Сережа-тромбон к тому времени приобрел винно-красный цвет лица – не хотелось выяснять, отчего, освоил гобой д’амур и укрепился в компании в отличие от рано упорхнувшей Снегиревой. Ленка вышла замуж на третьем курсе – за технаря, чужака, и как будто вышагнула со сцены. Платоныч запомнил, что молодые венчались, первыми в его жизни. Зрелище показалось ему нелепым, но дивным. Золотой венец над головой и белое, взбитое платье Ленки он видел перед собой и сейчас, а лицо ее – нет. На месте жениха и вовсе расплывалась нечеткая клякса с бородой, в потешном, из нашего времени глядючи, двубортном костюме. Еще одна деталь уцелела – усы у жениха были тонкие, вытекали из носа, словно две узкие блестящие реки.

Тромб также присутствовал на таинстве, он легко пережил разлуку с Ленкой. Улыбался во весь кариес и напористо ухаживал за самыми юными девушками.

– Двадцать два – мой потолок, – заявил он однажды Орлу, и тот не нашел что ответить.


С Гудзона прилетел далекий гудок – словно робкий голос гобоя. Удавщик и саксофонист встрепенулись, но тут же снова задремали. Время текло здесь так медленно, как нигде в Нью-Йорке. Во всех других районах города время торопили, рассчитывали, подгоняли и тратили – оно скапливалось, оседало в Бэттери-парке.

Саксофонист бросил черной белке кусочек хлеба – она вначале отпрыгнула от него, а потом подбежала, принюхалась и повернулась к мужикам с таким негодованием на мордочке, что они рассмеялись. Все трое, включая Платоныча. Зубы у этих работников улицы были сахарно-белыми, как у людей, которые никогда в жизни не пробовали сахара.

Кораблик должен был прийти с минуты на минуту. К причалу подтягивалась публика – туристы, группа школьников – невероятно толстых, как показалось Платонычу, под руководством миловидной учителки-мулатки, тоже, впрочем, весом килограммов в восемьдесят. Все же Платоныч на всякий случай выпрямил спину, поправил очки. Раньше Руфь всегда говорила, что ему идут очки.
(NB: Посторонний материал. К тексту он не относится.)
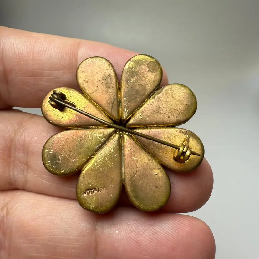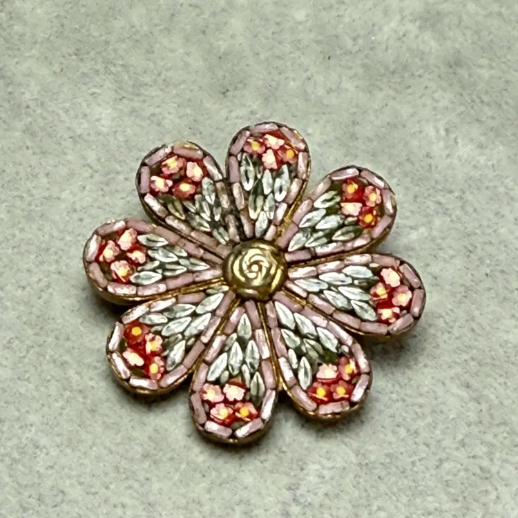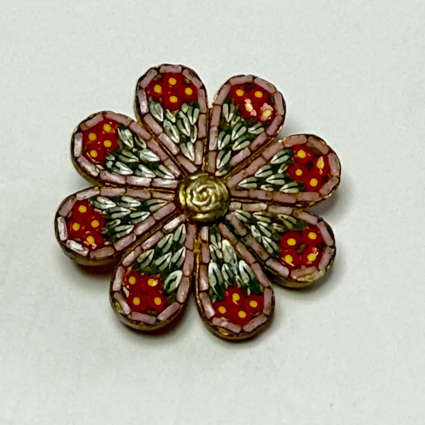 Vintage Micro Mosaic Glass 8 Petal Flower Brooch Pin Pink Red Signed Italy Stunning. No missing stones. Good vintage condition with some wear on metal. 1.5" diameter.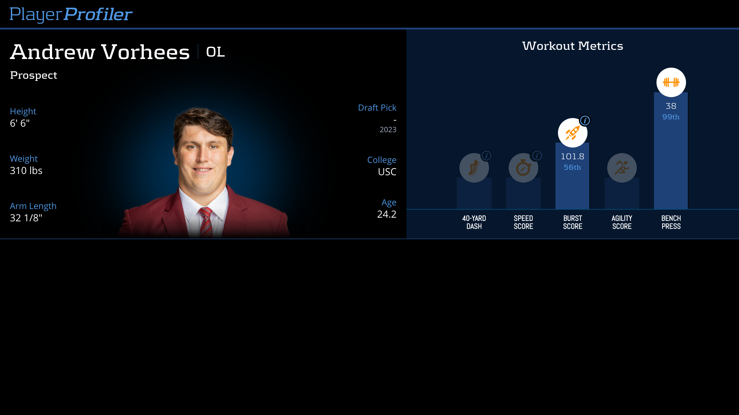 Download all Andrew Vorhees advanced stats and metrics with Data Analysis.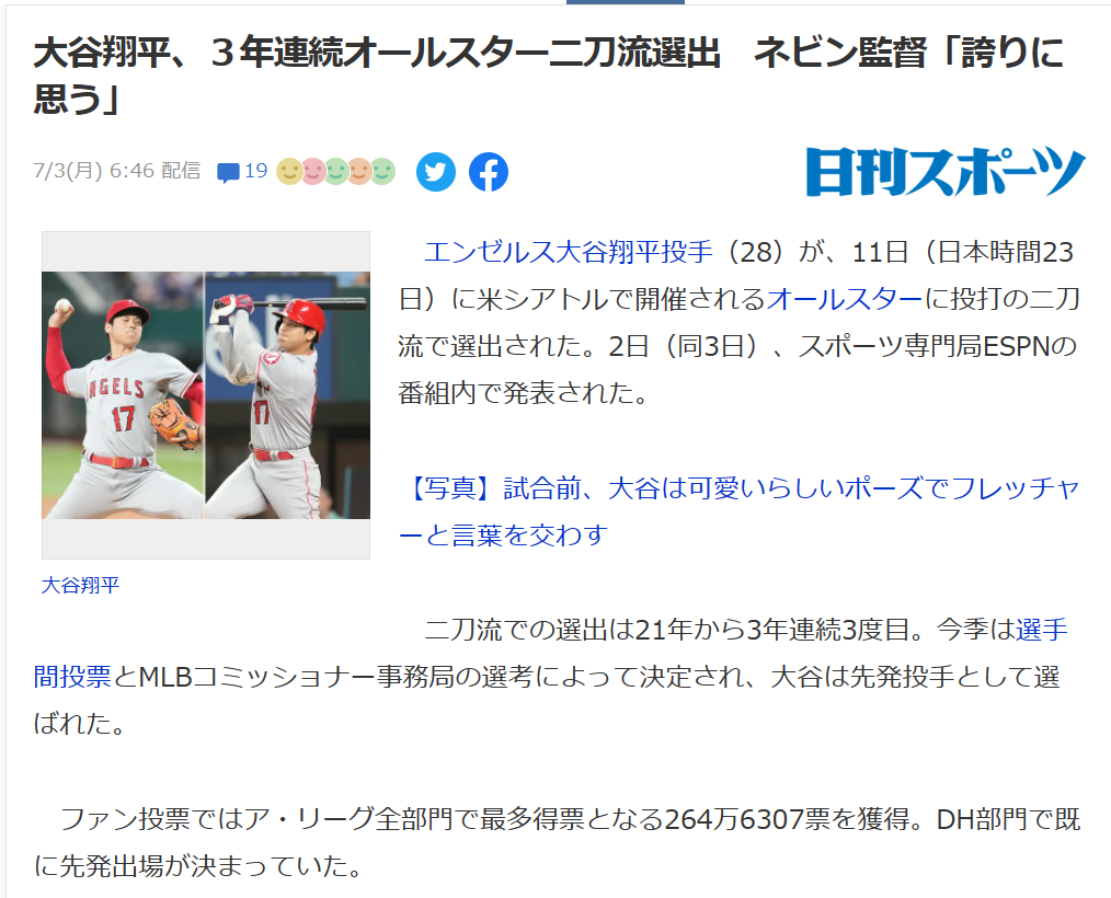 打者に加えて投手でも選出され、エンゼルスのネビン監督は「誇りに思う。今年はマウンド上でアップダウンもあるが、先発投手として安定して回ってくれている。DHとして選ばれて、投手としても出場できる機会があるのは、とてもいいことだ」と語った。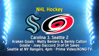 Seattle began a 5-game road trip on the short side Saturday, falling at Carolina 3-2 in NHL play. John Forslund had the call on KONG-TV.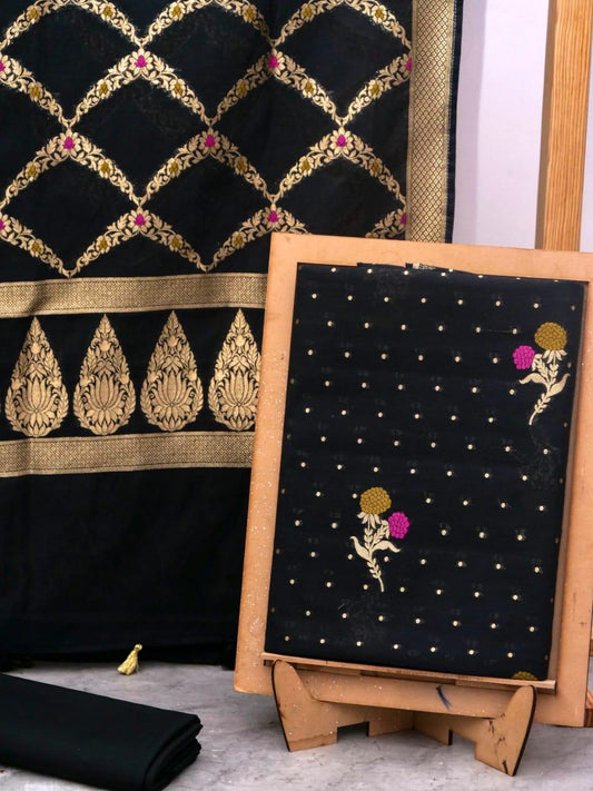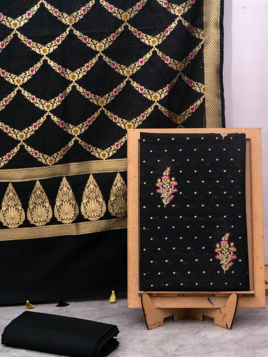 Black Banarasi Premium Cotton Silk Jamdani Dress Materials

– А в линзах у кого угодно будет глупый вид! – это она начала добавлять в последние годы.

Первый рассказ Марка Платонова назывался «Пелагиаль». Не какое-нибудь там «В лесу» или «На баррикадах»! Пелагиаль, глубина глубин. Язык – сочный, как его омоним на тарелке. Ружья стреляют, персонажи уверенно шагают к финалу – и не на глиняных, не на картонных ногах. Руфь сказала:

– Так хорошо, что даже страшно!

Зубки, губки, ножки, сережки. Легкий локон, прибившийся к уху, волоски, случайно скрепленные ювелирным замком. Они поженились в конце июня, затерялись среди школьных выпускников, которые буйно встречали в тот день свою взрослую жизнь.

Платоныч окончил журфак, после практики остался в городской газете, через два года Руфь стала дипломированным философом. Как все тогда, оба зачитывались Набоковым и о нем, и Руфь примеряла на себя роль Веры. Хорошая роль – богатая, неоднозначная, есть что играть. Платоныч не сразу разобрался, что и он тоже – в игре. При всей своей начитанности он так мало видел и знал… Любое интервью становилось для него событием. А многие из тех, кого он расспрашивал, задерживались в жизни надолго.

Руфь ненавидела газету, – и сами эти страницы, грязные, скучные, и то, что Платоныч был привязан к работе, что ему нравилась журналистика.

– Она отбирает у тебя силы, те, которые можно целиком отдать прозе! – возмущалась жена. – Ты можешь себе представить Владимира Владимировича, который берет интервью у заведующей детским клубом краеведов?

Платоныч вообще не мог представить себе Набокова живым человеком. Набоков – это слова, слова, слова.

«Пелагиаль» отправилась в литературный журнал в мае, еще на четвертом курсе. За окном гремели лихие девяностые, правда, никто не думал о том, что они лихие, да и о том, что «девяностые», тоже. Годы как годы. Молодость. Книги пахли вкусно, а газеты – отвратительно, высокая печать – это вам не высокая литература. Журнал мрачно молчал, неизвестно было, добрался ли рассказ Платоныча до адресата. Руфь переживала сильнее мужа, она окончательно утвердила себя на роль жены мастера. Вера Слоним с букетом желтых цветов в руках – как-то так.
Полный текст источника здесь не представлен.